Employers aiming to reduce health care plan costs could go back to the dictionary when it comes to their summary plan descriptions.
From reviews of self-funded employer health care claims, analysts have found broad, sweeping definitions of “physicians” which resulted in services billed at the higher physician rate even though the services were delivered by surgical technicians, physician’s assistants, physical therapists, social workers, and others not generally considered a “physician” by a layman’s definition. Narrowing the definition of physician could reduce costs.
The following are a few of the definitions found in SPDs with various major insurance companies:
- “Physician” means a legally licensed Physician who is acting within the scope of their license and any other licensed practitioner required to be recognized for benefit payment purposes under the laws of the state in which they practice and who is acting within the scope of their license. The definition of Physician includes but is not limited to: Doctor of Medicine (M.D.), Doctor of Osteopathy (D.O.), Chiropractor, Licensed Consulting Psychologist, Licensed Psychologist, Licensed Clinical Social Worker, Occupational Therapist, Optometrist, Ophthalmologist, Physical Therapist, Podiatrist, Registered Nurse (R.N.), Licensed Practical Nurse (L.P.N.), Nurse Practitioner, Physician’s Assistant, Speech Therapist, Speech Pathologist and Licensed Midwife (if covered by the Plan). An employee of a Physician who provides services under the direction and supervision of such Physician will also be deemed to be an eligible provider under the Plan.
- Physician means any of the following legally qualified health care professionals from whom you receive treatment, provided such person is properly licensed in the state in which he or she performs services:
- Certified social worker
- Licensed surgical assistant
- Medical doctor
- Nurse practitioner
- Oral surgeon
- “Provider”: any person or entity licensed by the appropriate state regulatory agency and legally entitled to practice within the scope of such person or entity’s license in the practice of any of the following:
- Chiropractic services
- Behavioral health
- Physical therapy
- Oral surgery
- Speech therapy
- Occupational therapy
By comparison, The Centers for Medicare and Medicaid Services (CMS) defines physician using a narrower scope. “For the purposes of Open Payments, a ‘physician’ is any of the following types of professionals that are legally authorized by the state to practice, regardless of whether they are Medicare, Medicaid, or Children’s health Insurance Program (CHIP) providers”:
- Doctors of Medicine or Osteopathic Medicine
- Doctors of Dental Medicine or Dental Surgery
- Doctors of Podiatric Medicine
- Doctors of Optometry
In terms of costs for employers, having a definition with a more specific view of “physician” in an SPD can impact reimbursement. Employers can work with their insurance partners to change the definition. The difference between a physician and a mid-level provider (i.e., PA or NP) is approximately 15% in terms of fee rates. For Medicare reimbursement, a physician was reimbursed at 100% of the Medicare fee schedule, while an NP or PA was reimbursed at 85%. Bill Young, SmartLight Analytics’ Head of Clinical Operations, said it is something worth reviewing.

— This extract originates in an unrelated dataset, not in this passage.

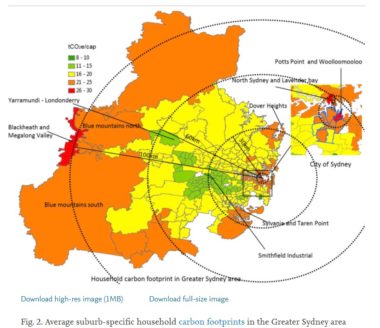 Yet, when income levels rise in the not-so-far Blue Mountains, where population density is low, the carbon footprint is above 20 tonnes CO2e/cap (see figure).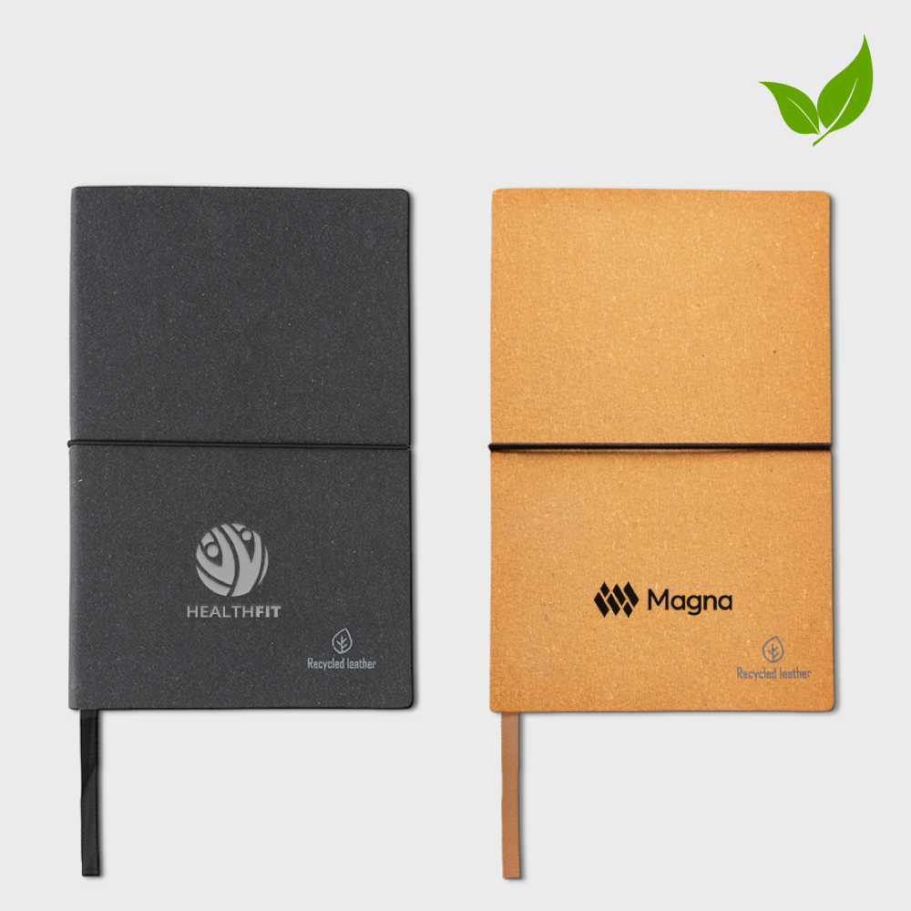 Notez toutes vos notes et vos idées créatives avec le Carnet de notes A5 en cuir recyclé aspect naturel de BDX Print. Élégant et doté d’une finition naturelle et discrète, c’est le support idéal pour votre création personnalisée. Vous pouvez choisir entre une impression en une couleur ou une gravure, vous trouverez l’option idéale pour votre marque. Le Carnet de notes A5 en cuir recyclé aspect naturel est livré avec 80 feuilles/160 pages lignées de couleur crème et de 75 grammes de papier recyclé, ce qui laisse suffisamment de place pour toutes vos notes importantes. Il est également doté d’une bande élastique pour que tout soit bien en ordre.

“We investigated many cases in which the physician billed as if he/she rendered the service in an attempt to secure the higher reimbursement when, in fact, a mid-level actually performed the service.” He said a board definition leaves the door open for providers of all levels to bill as physicians.
“A narrow definition could limit their ability to bill the plan representing themselves as physicians,” Young said.